21      A Comissão pede que o Tribunal se digne:

–        negar provimento ao recurso;

–        condenar a recorrente nas despesas.

 Questão de direito

22      A recorrente aduz cinco fundamentos com vista à anulação da decisão e à supressão ou redução da coima. O primeiro fundamento diz respeito à aplicação do artigo 81.° CE, sendo os restantes fundamentos relativos ao cálculo da coima.

1.     Quanto ao primeiro fundamento, relativo à participação da recorrente num cartel complexo e consolidado

 Argumentos das partes

23      A recorrente acusa a Comissão de ter cometido um erro manifesto de apreciação quando declarou que a recorrente participou num cartel complexo e consolidado, sendo que a recorrente apenas participou, de forma esporádica, em práticas relativas a comissões e OC.

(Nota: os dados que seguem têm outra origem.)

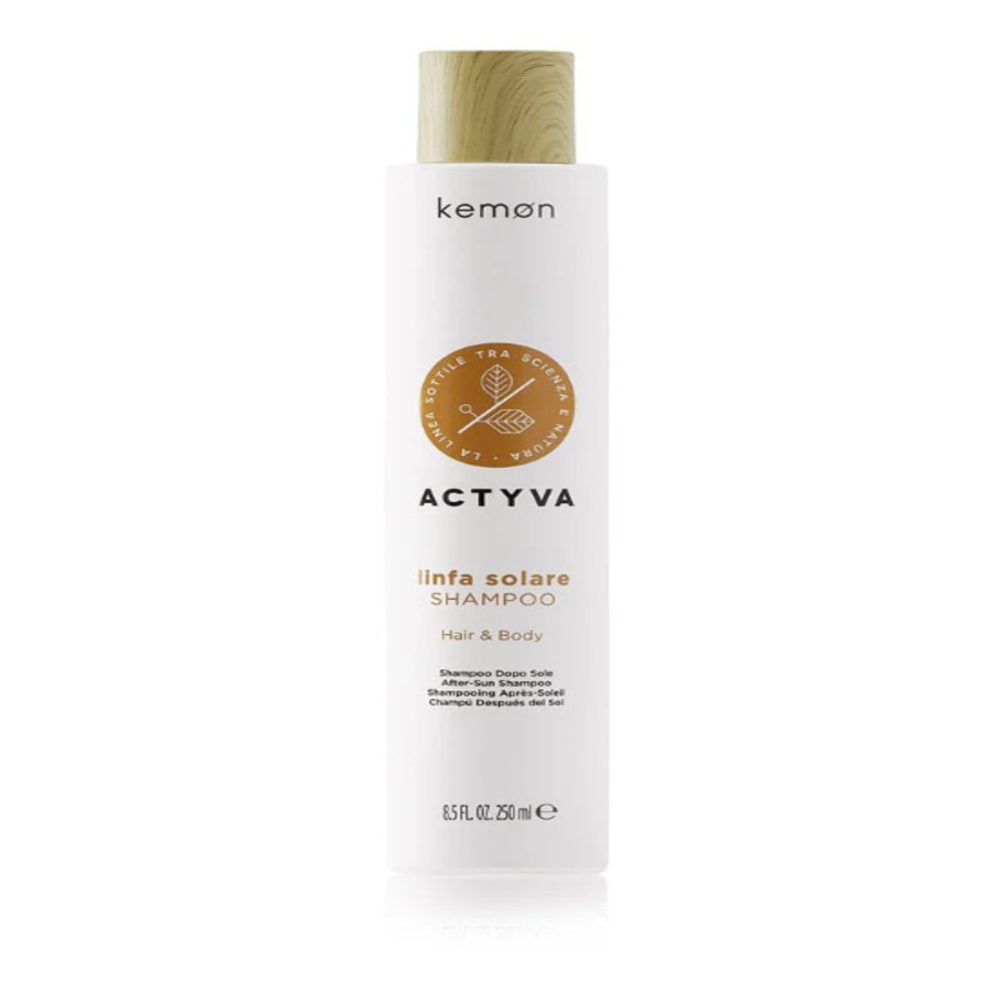 Kemon Actyva linfa solare shampoo 250ml, Hidratante pós-sol para corpo e cabelo. Limpa e neutraliza suavemente os efeitos dessecantes do sol, sal e cloro. Deixa o cabelo sedoso e leve; a pele macia e delicadamente perfumada. Dá uma agradável sensação de frescura.
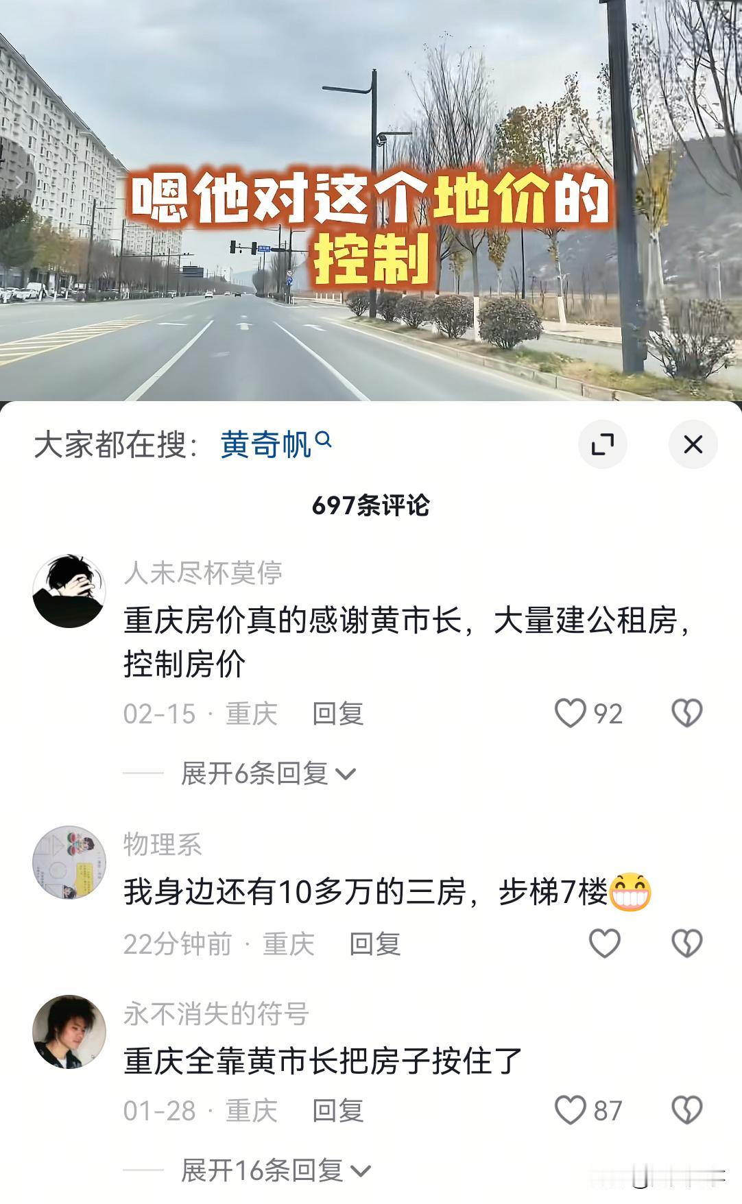 刚刚刷视频,看到一个关于重庆房价的。在评论区有个很有意思的现象:很多带着四川IP的评论,说重庆是山咔咔,怎么搞也弄不成平原城市,工资也低,所以房价才低。同时,他们对成都房价比重庆高一倍感到很自豪;而重庆IP的评论,则纷纷感谢当初的黄老,说是他制定的政策让重庆保持了低房价,让市民能够以一个相对合理的价格拥有自己的房子。同时,重庆人对重庆拥有大量的公租房、经济适用房持欢迎和感谢的态度。很多新重庆人都是在那些租金便宜的房屋里过渡,然后存下钱来买房、结婚生子的。他们感谢重庆让他们可以孤身一个人来重庆,通过自己的努力有了一个家。都说重庆的工资低,其实跟周边城市相比,大家都处于同一个水平线上。反而是重庆的制造业更发达,能容纳更多的就业人口。而重庆的低房价,让这些打工人,仅凭夫妻二人的努力,就能让他们在重庆买房安家。所以居住在重庆的人,他们对重庆的低房价普遍是感谢的。当然,那些有好几套房产的人,肯定是巴不得房价越高越好。但是其实也无所谓,因为他们早就不靠那些房子生活了。至于山咔咔?山城是重庆的特色,也是重庆人的骄傲。从这个春节重庆的游客居全国第一来看,说明全国人民也都喜欢这个山咔咔的城市。所以房价低,在重庆人看来,从来不是什么缺点,而是一项福利!
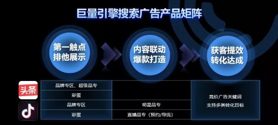 基于自(zì)身(shēn)強大(dà)的(de)流量價值與♦®發展潛力,巨量引擎為(wèi)廣告主打造了(le)包 ₩括品牌專區(qū)、超級品專、搜索彩蛋、明(míng)∞÷≥↑星品專、直播品專、搜索競價等多(duō)元化(huà)搜索×"↕營銷産品,通(tōng)過全場(chǎng)景品牌占位,促成流量到↑δλ(dào)效果的(de)高(gāo)效轉化(huà)。
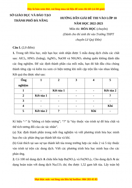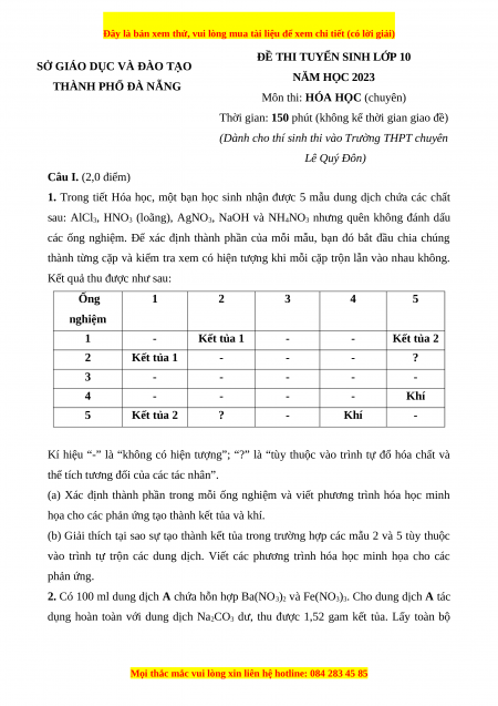Đề thi vào 10 môn Hóa học năm 2023 - Trường THPT Chuyên Đà Nẵng
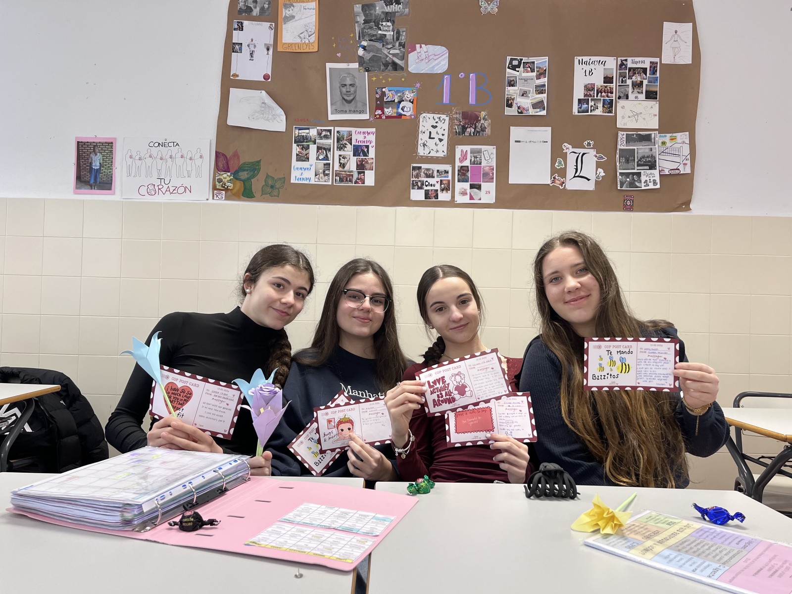 ¡Valentine’s Day in Secondary & Bachillerato! In our English classes, students celebrated by sending Valentines around the school to raise money for our class apadrinamientos. Thanks to their generosity, we raised 359 €!. They also got creative with our language assistants, writing Haikus, Acrostic Poems, and of course…»Roses are red, violets are blue…” .Spreading love while learning English!
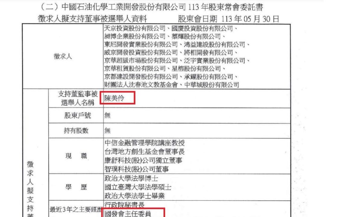 中石化獨董提名見台南派,陳美伶、邱佳瑜被委託書支持
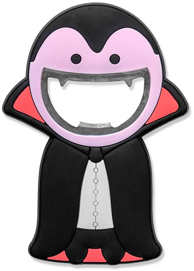 Компактных открывашек масса: несложно найти вещицы в виде сов, зайцев, елок, бочек, сказочных персонажей — чего и кого угодно. Мы же остановились на Дракуле, которому особенно идут металлические «клыки», легко открывающие бутылки.
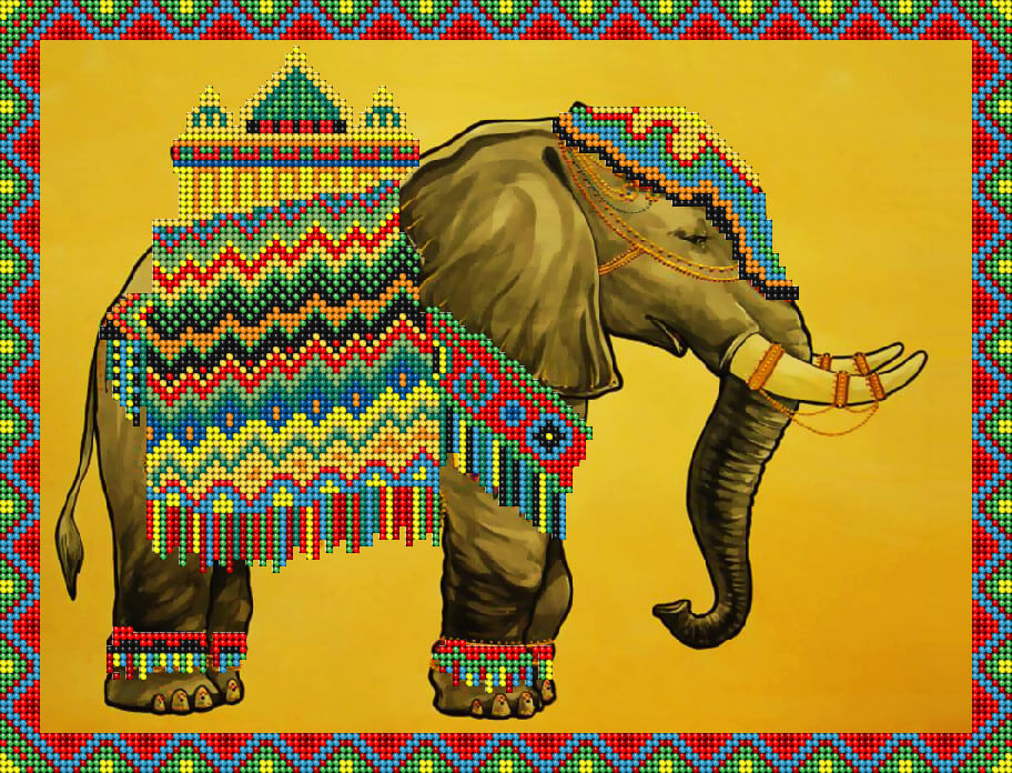 Схема для вышивания бисером Слон Махараджи ТМ А-строчка выполнена из плотного атласа с нанесением яркой полноцветной печати высококачественными красками и содержит инструкцию.
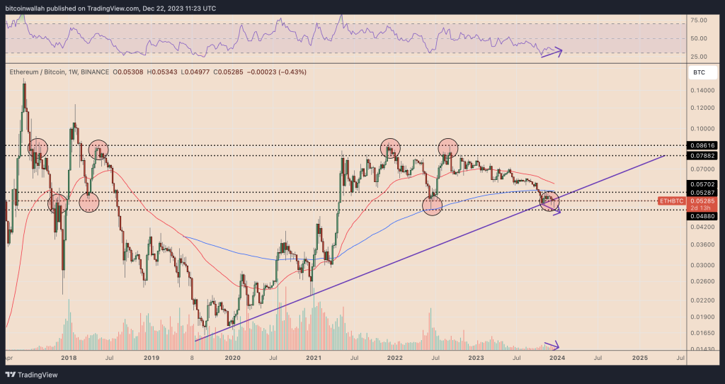 Štaviše, cijena se takođe kreće blizu podrške koja uključuje višegodišnju uzlaznu trend liniju i oblast 0,048–0,052 BTC.
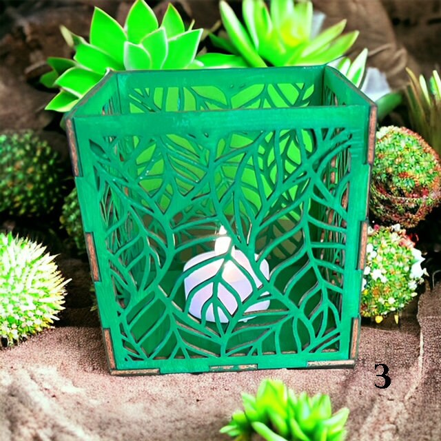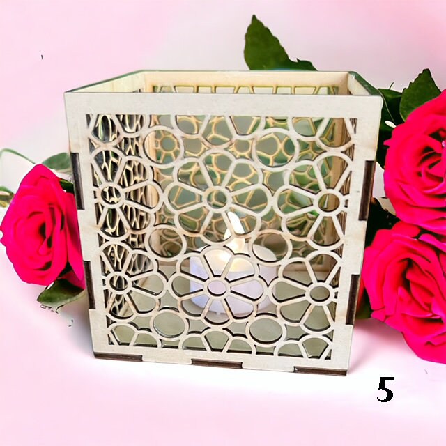 The candle holders are made from 3mm thick basswood and cut with a CO2 Laser for a precise cut.
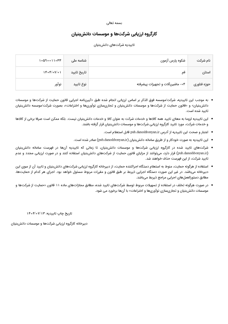 اطلاعات مربوط به تأییدیه شرکت از طریق سامانه رسمی شرکتهای دانشبنیان به نشانی pub.daneshbonyan.ir قابل استعلام است.
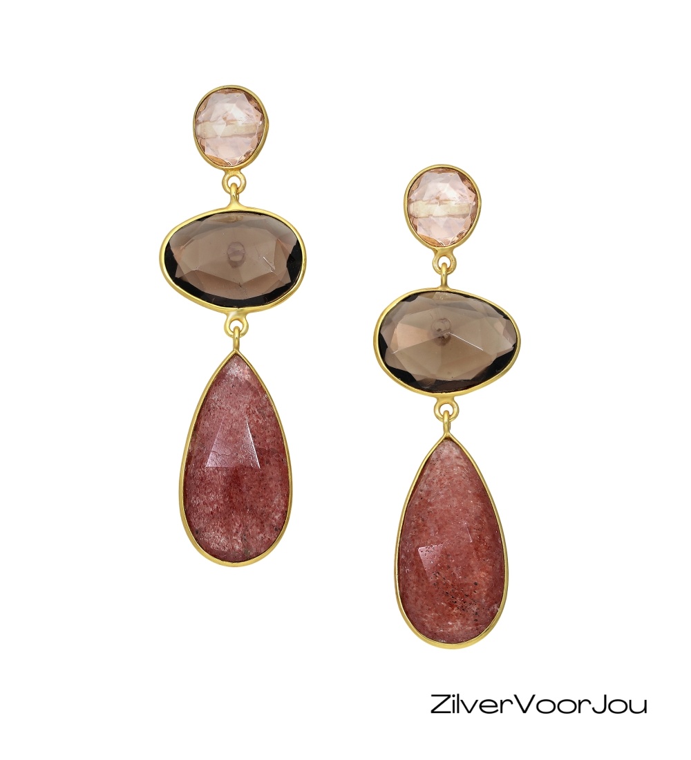 Zilveren oorbellen gold plated met morganiet, rookkwarts en strawberry kwarts
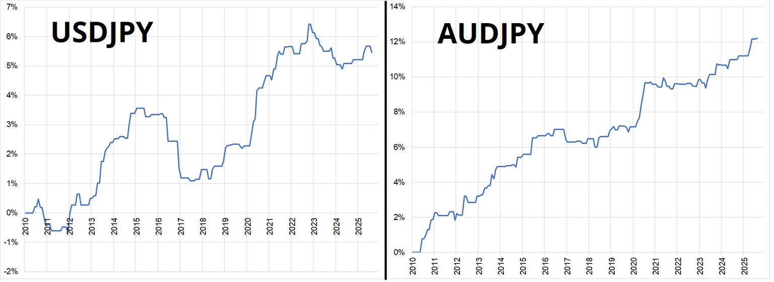 - El final de mes corporativo debería ser una compra de USDJPY, mientras que el final de mes real (viernes) también debería ser un cruce RHS/JPY. Estos dos gráficos muestran cómo se comportan USDJPY y AUDJPY en las cuatro horas previas a la fijación de fin de mes (4 p.m. Londres) en meses donde el S&P y el NASDAQ suben un 5% o más en conjunto.
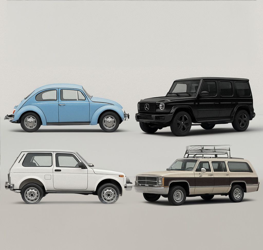 2️⃣ Ностальгия: Beetle и G-Class стали символами свободы и роскоши.
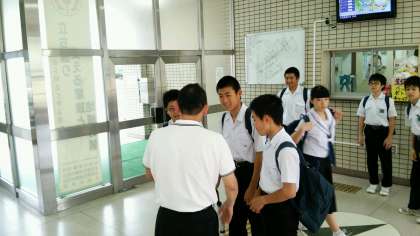 学校集合の班が教員の励ましをもらい出発です。

24      Em primeiro lugar, a recorrente alega que os objectivos dos acordos sobre os preços, por um lado, e dos acordos sobre as comissões e os OC, por outro lado, eram totalmente diferentes. Os acordos sobre as comissões e os OC não visavam fixar os preços, nem mesmo de forma indirecta. Em segundo lugar, as partes no acordo sobre os preços, por um lado, e nos acordos sobre as comissões e os OC, por outro lado, não eram as mesmas. Em terceiro lugar, a recorrente sustenta que não participou num plano global. Embora, no que diz respeito a um pequeno grupo de empresas, tenha existido um cartel complexo, a recorrente não pertencia a esse núcleo duro e afirma desconhecer os acordos sobre os preços. Em quarto lugar, realça a importante diferença qualitativa entre a sua participação em determinadas práticas e a existência de um cartel complexo constituído por um número restrito de participantes.

25      Na réplica, a recorrente especifica que os dois objectivos distintos prosseguidos pelo cartel eram, por um lado, a manutenção de preços elevados para a prestação de serviços internacionais de mudanças na Bélgica e, por outro lado, a repartição do mercado desses serviços. Contudo, a participação esporádica da recorrente nas práticas relativas aos OC e às comissões não era susceptível de implicar um aumento do nível geral dos preços no mercado.

26      A Comissão contesta os argumentos da recorrente.

 Apreciação do Tribunal Geral

27      Através do presente fundamento, a recorrente contesta o carácter anticoncorrencial de determinadas práticas e alega que não participou na infracção única e continuada descrita na decisão. Por conseguinte, importa, antes de mais, analisar o carácter anticoncorrencial das comissões e dos OC, em seguida, recordar o conceito de infracção única e continuada e, por último, aplicar esses princípios à situação da recorrente.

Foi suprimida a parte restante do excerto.